Ich erlaube mir, eine Anmerkung zum Text selbst zu machen, da dieser eher politischer als methodischer Natur ist. Ich lese kein Hebräisch und verwende die portugiesischen und englischen Übersetzungen. In der portugiesischen Ausgabe nimmt Punkt 5, der schlechten Lesern gewidmet ist, sechs Seiten ein. In der englischen Ausgabe tritt Punkt 6 an die Stelle von Punkt 5. Ich habe unermüdlich nach den Absätzen über den schlechten Leser in der englischen Übersetzung gesucht und nichts gefunden. Es fiel mir schwer zu glauben, dass alle sechs Seiten, die dem schlechten Leser gewidmet waren, absichtlich aus der englischen Übersetzung ausgeschlossen wurden Ausgabe. DER Chefredakteur Er hielt es sicherlich für geschmacklos und zensierte Kritik am Leser, denn die Nordamerikaner konnten es nicht ertragen, wenn ein Autor schlecht über die Person redete, die ihn las. Ich habe die spanische Ausgabe überprüft und festgestellt, dass sie sechs Seiten vollständig enthielt, auf denen sich alle Beschwerden von Amós Oz befanden der böse Lector, der Perezous, der Soziologe, Cotilla und Mirón Lector.

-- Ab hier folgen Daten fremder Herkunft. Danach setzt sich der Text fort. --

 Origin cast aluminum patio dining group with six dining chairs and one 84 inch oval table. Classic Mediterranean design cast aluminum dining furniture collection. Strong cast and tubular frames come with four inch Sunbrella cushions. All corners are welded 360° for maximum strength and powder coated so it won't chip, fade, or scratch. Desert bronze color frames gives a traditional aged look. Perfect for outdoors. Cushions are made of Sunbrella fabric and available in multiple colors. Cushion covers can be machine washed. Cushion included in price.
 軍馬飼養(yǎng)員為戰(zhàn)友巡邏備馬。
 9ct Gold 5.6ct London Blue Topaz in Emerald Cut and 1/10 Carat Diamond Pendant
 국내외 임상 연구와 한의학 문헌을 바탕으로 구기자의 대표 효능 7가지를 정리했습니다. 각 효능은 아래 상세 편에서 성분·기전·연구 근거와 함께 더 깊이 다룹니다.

Doch zurück zum Golem aus Ton (Adama), genau wie Adam: „Und der ewige Gott bildete den Menschen aus Staub vom Erdboden“ (Genesis 2:7). Der von Menschen künstlich geschaffene dumme Riese, der sich von seinem Schöpfer befreit und sich der Zerstörung der Welt widmet, ist eine feste Idee, eine mögliche Inspiration für das Berühmte Frankenstein von Mary Shelley (1918), Humanoiden und Androiden, die weiterhin reproduziert werden Blade Runner von Ridley Scott (1982), Der Terminator von James Cameron (1984) usw.

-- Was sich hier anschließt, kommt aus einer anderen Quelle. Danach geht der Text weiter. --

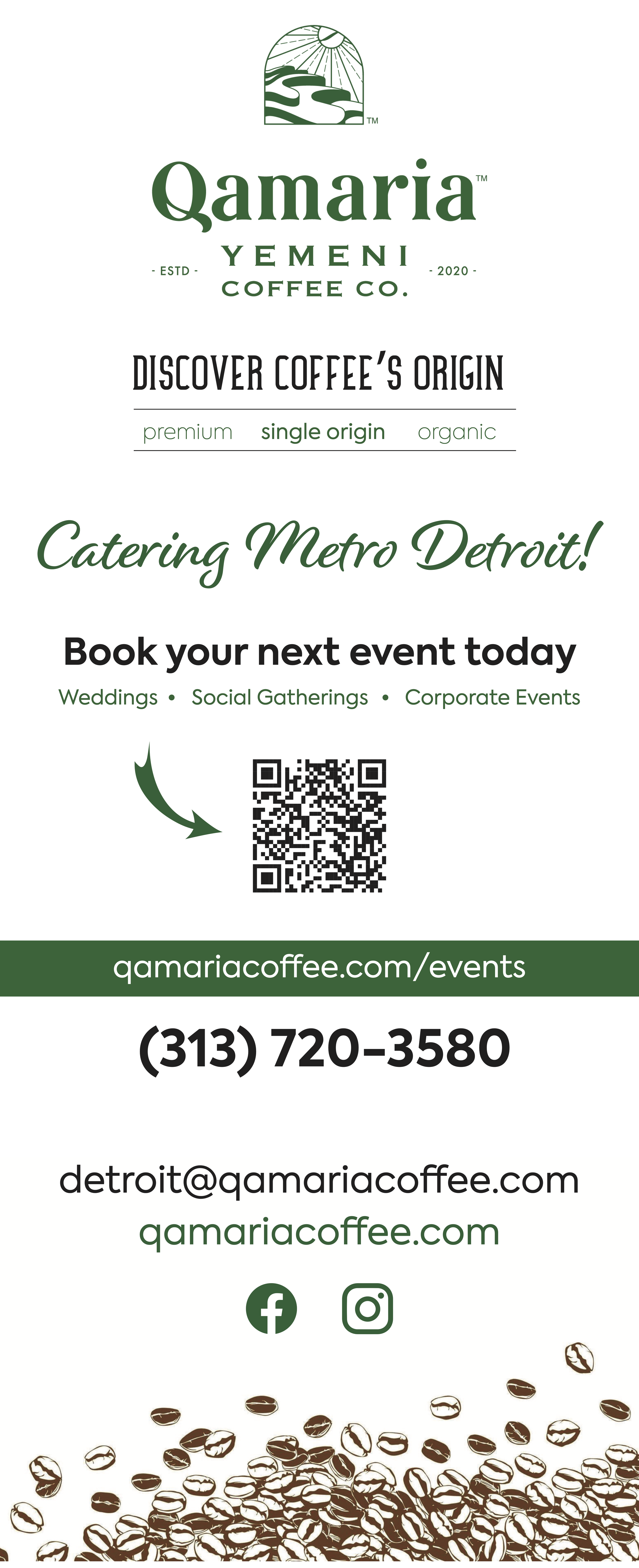 Client requested a retractable banner highlighting their new catering services and menu. Font style and colors were selected based off Qamaria’s brand.
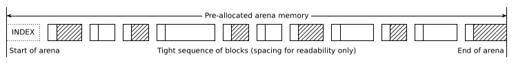 Blocks are stored immediately next to each other with no spacing, forming a long sequence that covers the entire heap region (the arena), apart from a small index structure placed at the start:
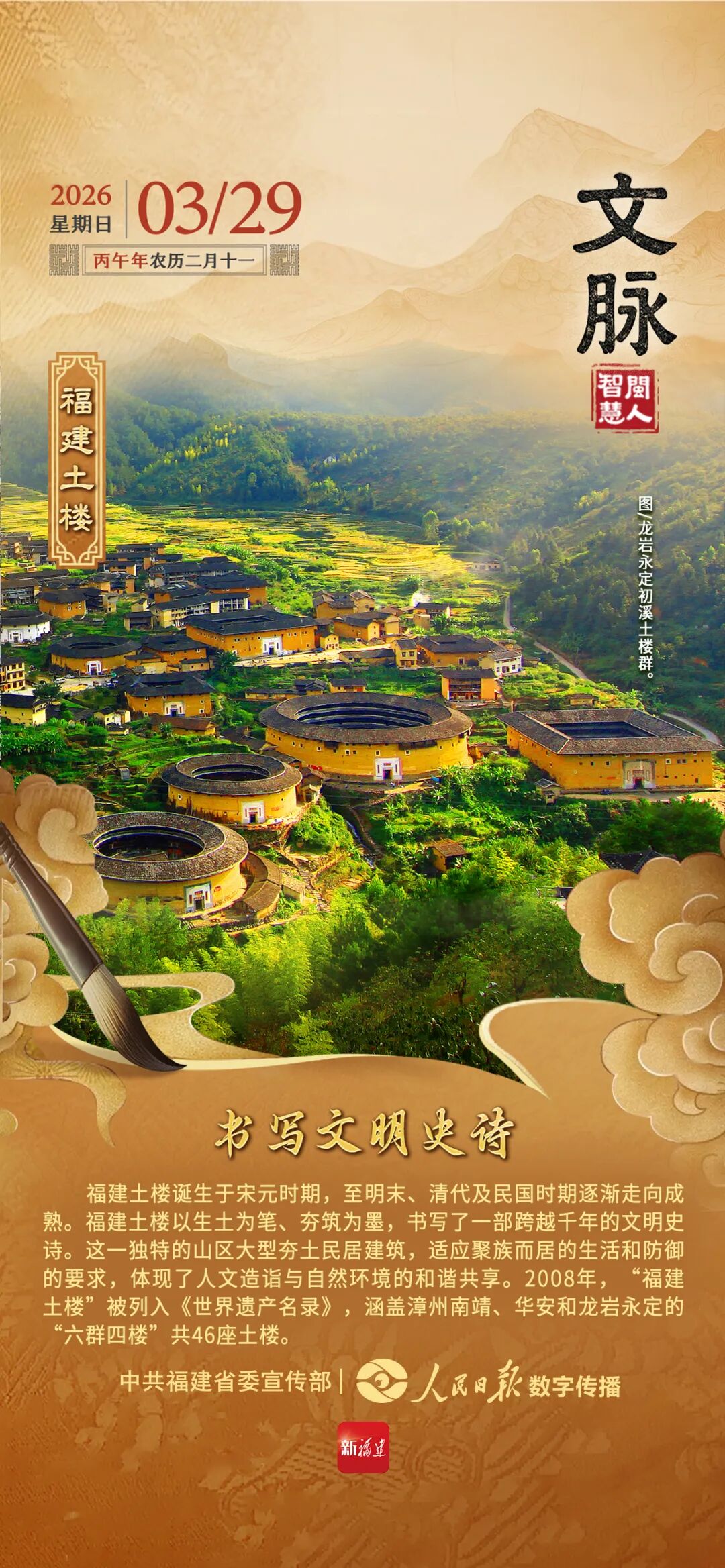 福建土楼诞生于宋元时期,至明末、清代及民国时期逐渐走向成熟。福建土楼以生土为笔、夯筑为墨,书写了一部跨越千年的文明史诗。这一独特的山区大型夯土民居建筑,适应聚族而居的生活和防御的要求,体现了人文造诣与自然环境的和谐共享。2008年,“福建土楼”被列入《世界遗产名录》,涵盖漳州南靖、华安和龙岩永定的“六群四楼”共46座土楼。

Wie der Golem wurde auch der Staat Israel künstlich geschaffen, um jüdische Leben vor Antisemitismus zu retten. Wie der Golem ist der Staat Israel außer Kontrolle geraten und hat Angst, Panik und Tod verbreitet, auch unter israelischen Dissidenten und Diaspora-Juden, die trotz der Gleichberechtigung von Juden und Nichtjuden in der Unabhängigkeitserklärung von 1948 Sie wagen es, zu widersprechen, dass Israel die einzige Demokratie im Nahen Osten ist.